= Districts of Russia =

List of districts

Map of subdivisions of Russia

A district (raion) is an administrative and municipal division of a federal subject of Russia.

As of 2023, excluding Moscow, St. Petersburg, and Sevastopol, there are 1,893 administrative districts (including the 20 in the Russian-occupied territories of Ukraine occupied by Russia) and 1,823 municipal districts (also including the 14 in the Republic of Crimea) in Russia. All these districts have an administrative center, which is usually the same locality for both the administrative and municipal entity. If the three federal cities is included, there will be a total of 2,040 districts in Russia. Most western federal subjects are divided into smaller districts, while eastern federal subjects are divided into larger districts.

In modern Russia, division into administrative districts largely remained unchanged after the dissolution of the Soviet Union.
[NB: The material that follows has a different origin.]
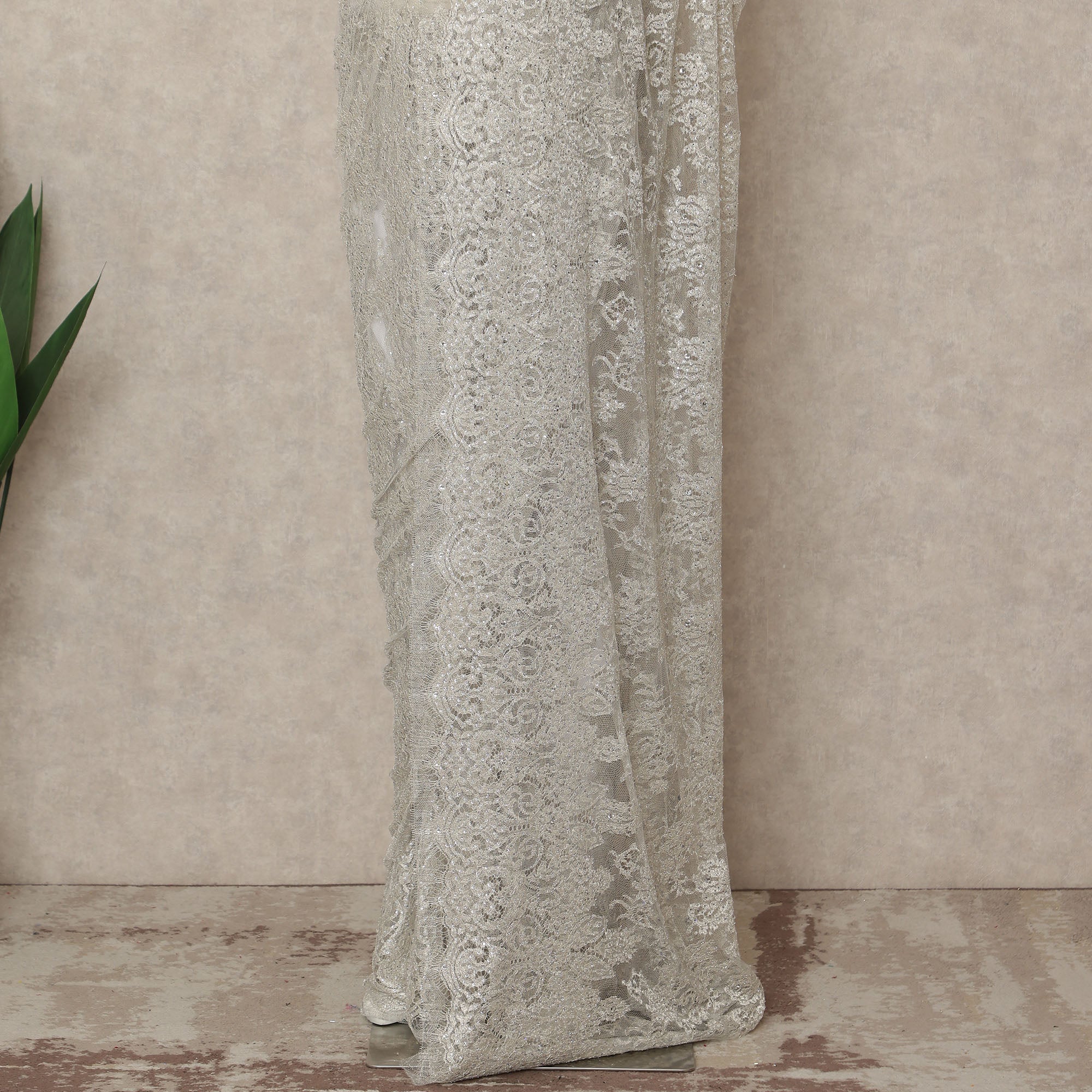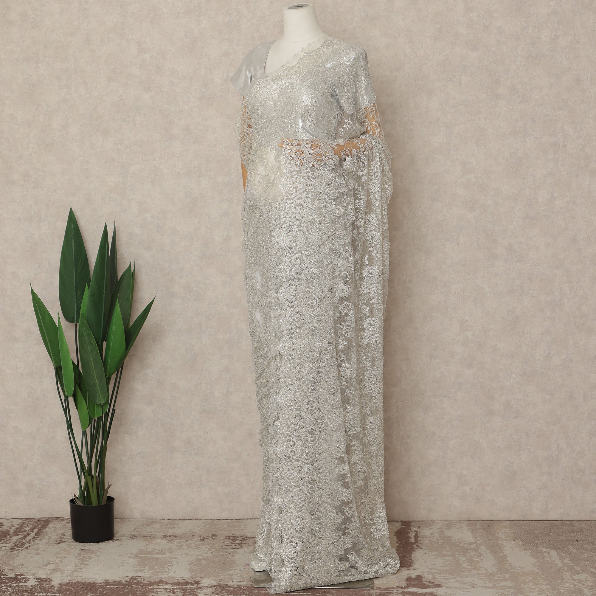 This silver grey premium French metallic Chantilly saree lace with stonework is a refined expression of modern elegance and timeless luxury. Crafted on a delicate sheer net base, it features intricate Chantilly floral motifs enhanced with metallic threadwork and carefully placed stone embellishments that create a soft, luminous sparkle. The sophisticated silver grey tone offers a graceful and versatile appeal, making it perfect for bridal wear, receptions, cocktail evenings, and grand festive occasions. Expertly crafted in France, this lace reflects superior artistry and premium quality. Measuring approximately 5.5 meters in length and 110 cms in width, it provides generous fabric for a beautifully flowing and elegant saree drape. Blouse not included.

The term "district" ("raion") is used to refer to an administrative division of a federal subject or to a district of a big city.
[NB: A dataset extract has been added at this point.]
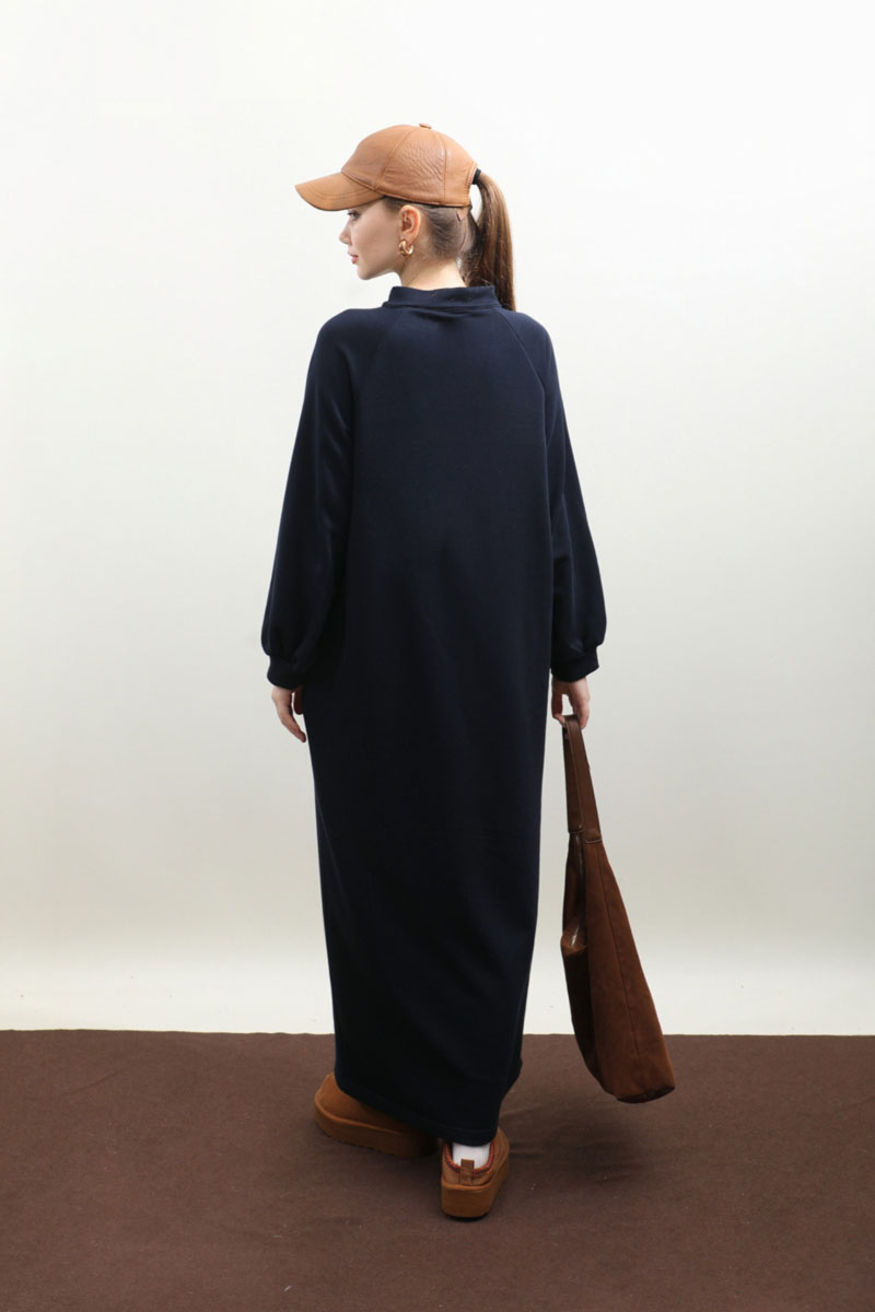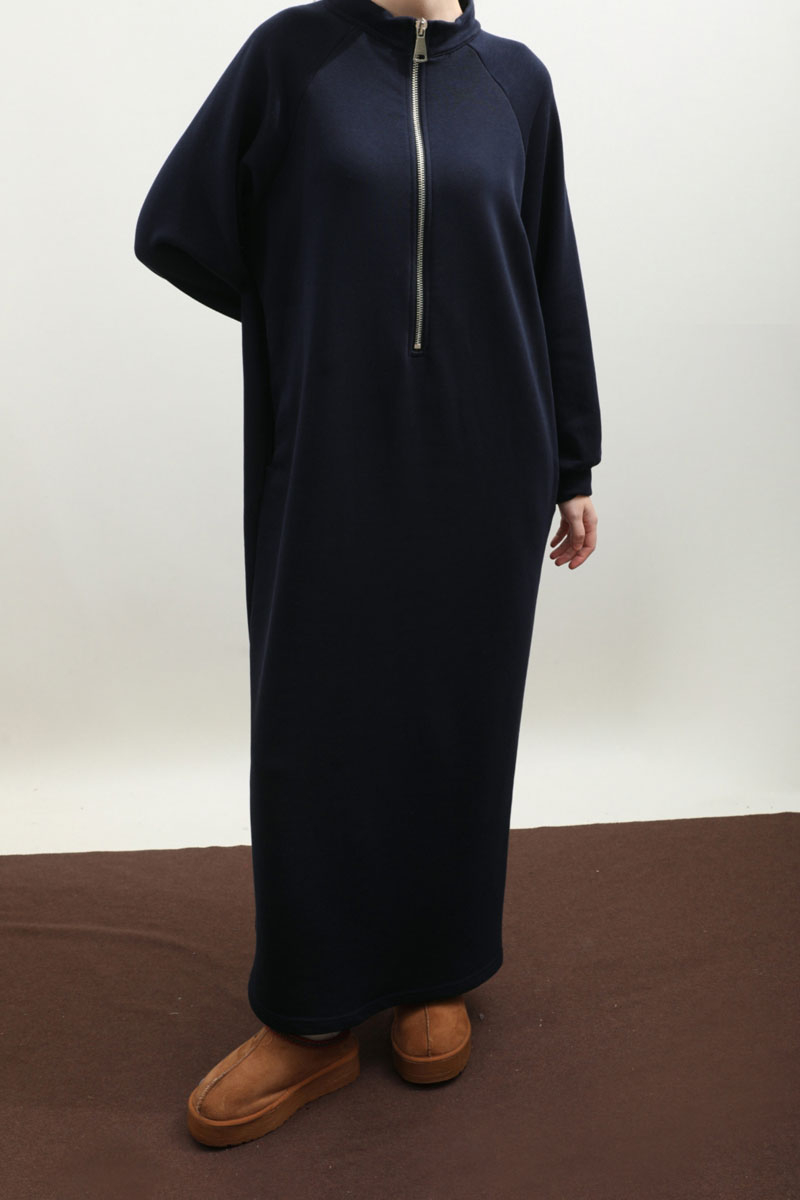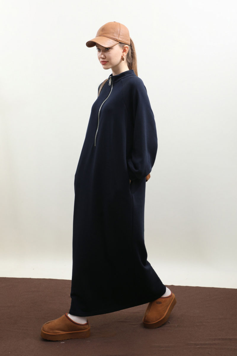 Yarım Fermuarlı Sweat Elbise Lacivert. Hakim yaka, öndern yarım fermuarlı, reglan kol, kalın manşetli, yandan gizli ceplidir. Mevsimlik üründür.

In two federal subjects, however, the terminology was changed to reflect national specifics: in Sakha, where they are known as ulus (улус), and in Tuva, where they are known as kozhuun (кожуун).

==Hierarchy==
Within the framework of administrative divisions, the administrative districts are on the same level of hierarchy as the cities of federal subject significance and may be further subdivided into towns of district significance, urban-type settlements of district significance, and selsoviets, although the exact terms for these entities vary from one federal subject to another.
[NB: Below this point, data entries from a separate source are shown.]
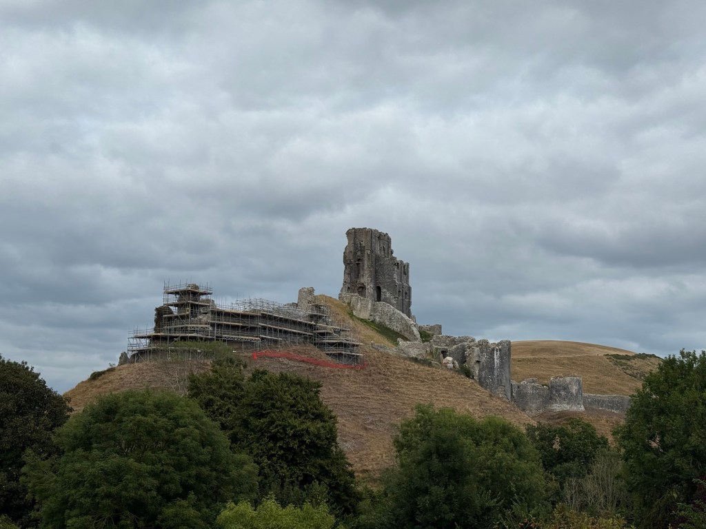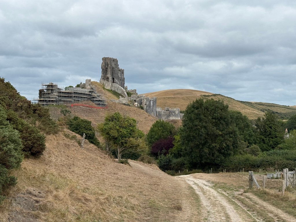 The Purbeck Hills briefly dipped and rose into the ruins of Corfe Castle. It was certainly an formidable pile of ruins, and all the more so because of its position between the hills. This was the eye of Purbeck.
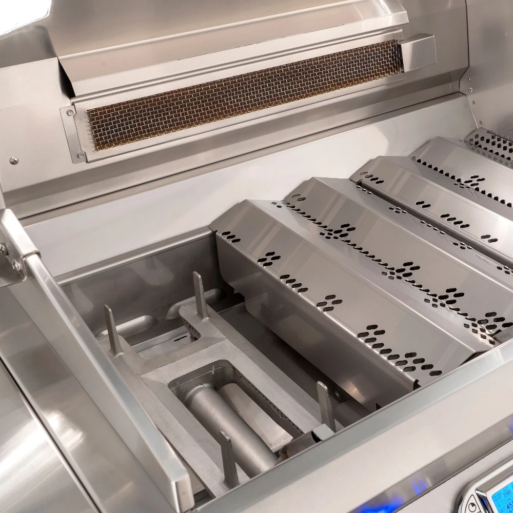 When only the best will do, the top of the line Fire Magic Echelon grill combines the ultimate in performance, beauty and innovation. With sleek lines, a unique contoured face and state of the art features such as hot surface ignition, blue back lit knobs, and Quantum backburner. Echelon Diamond defines luxury in grilling. Featuring 660 square inches of cooking space, this 30-inch gas grill has patented Diamond Sear cooking grids with 304 stainless steel bars that have a smooth flat top, shaped to optimally transfer the heat from the burners to the cooking surface so food cooks faster and more evenly! The Flavor Grids are made of 16-gauge 304 stainless steel and allow heat to rise unobstructed from the burner to cooking grids. They disperse heat quickly and evenly flavor the food by vaporizing juices and minimizing flare ups. Achieve a steakhouse style sear with the included infrared sear burner and two(2) thick cast 304 stainless steel burners boasting 75,000 BTUs of cooking power. The recessed infrared quantum backburner uses 100-percent stainless steel foam, providing 11,000 BTUs of heat for quicker, more efficient rotisserie grilling with the included rotisserie kit. Enhance the flavor of the food you grill with the included stainless steel charcoal smoker basket that sits on top of the burner easily igniting the charcoal or wood chips. Lighting your grill is easy with the comfort touch back-lit polished knobs and included hot surface ignition for a reliable start. Control your grill with the state-of-the-art electronic thermometer display, which allows you to operate all cooking zones at one temperature, or control each zone independently to grill a variety of foods at once. The digital display also allows you to check the status of the included meat probe or turn on the interior halogen lights.
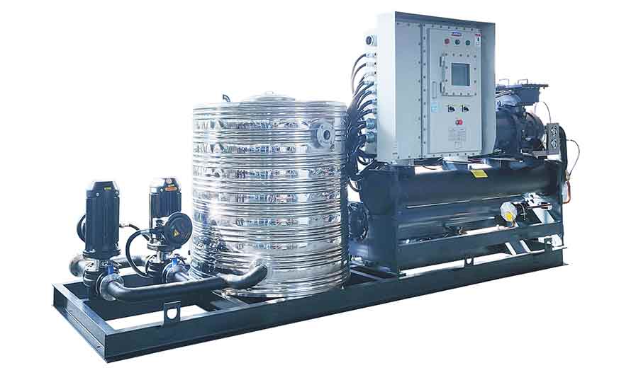 2、以鹽水為載冷劑的撬裝式螺桿冷水機(jī),蒸發(fā)器需防腐設(shè)置,控溫范圍在-5度至-40度;

Within the framework of municipal divisions, the municipal districts are on the same level of hierarchy as urban okrugs and are further subdivided into urban settlements, rural settlements, or both. Municipal districts are commonly formed within the boundaries of existing administrative districts, although in practice there are some exceptions to this rule.

==Municipal district==

A municipal district (муниципа́льный райо́н) is a type of municipal formation which comprises a group of urban or rural settlements, as well as inter-settlement territories, sharing a common territory. The concept of the municipal districts was introduced in the early 2000s and codified on the federal level during the 2004 municipal reform.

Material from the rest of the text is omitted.